» Activity
All lines from the one containing "Esta Lamp Small White with Raffia Shade" through the final line of the listing below, and no others, must be returned exactly; no pictures belong in the copy.

» Data provided
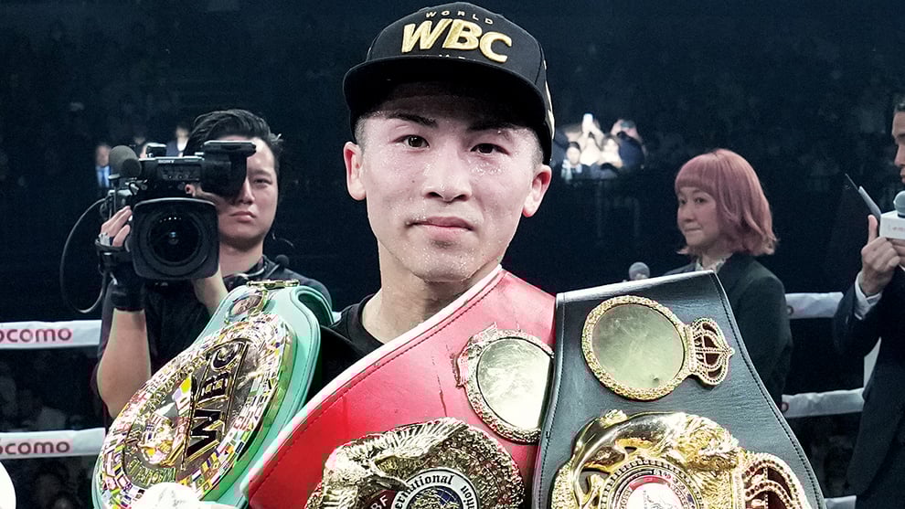 Naoya Inoue with some of his belts
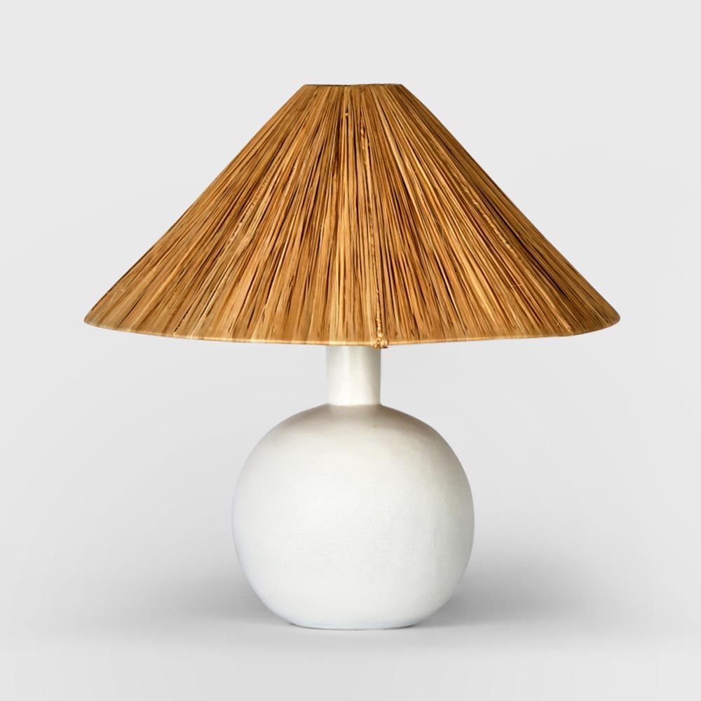Esta Lamp Small White with Raffia Shade
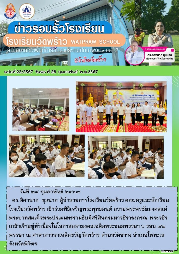 โรงเรียนวัดพร้าวเข้าร่วมพิธีเจริญพระพุทธมนต์
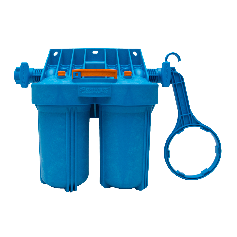 Двойная колба фильтра (магистральный) предназначен для очистки холодной воды в бытовых условиях от механических частиц (ржавчины, песка, ила и др.), а также хлорорганических соединений, нефтепродуктов, пестицидов, тяжёлых металлов, растворённого железа и иных органических и неорганических веществ (в зависимости от модификации и установленных картриджей для очистки воды). С тыльным/торцевым подключением колб

» Exercise answer
Esta Lamp Small White with Raffia Shade
 โรงเรียนวัดพร้าวเข้าร่วมพิธีเจริญพระพุทธมนต์
 Двойная колба фильтра (магистральный) предназначен для очистки холодной воды в бытовых условиях от механических частиц (ржавчины, песка, ила и др.), а также хлорорганических соединений, нефтепродуктов, пестицидов, тяжёлых металлов, растворённого железа и иных органических и неорганических веществ (в зависимости от модификации и установленных картриджей для очистки воды). С тыльным/торцевым подключением колб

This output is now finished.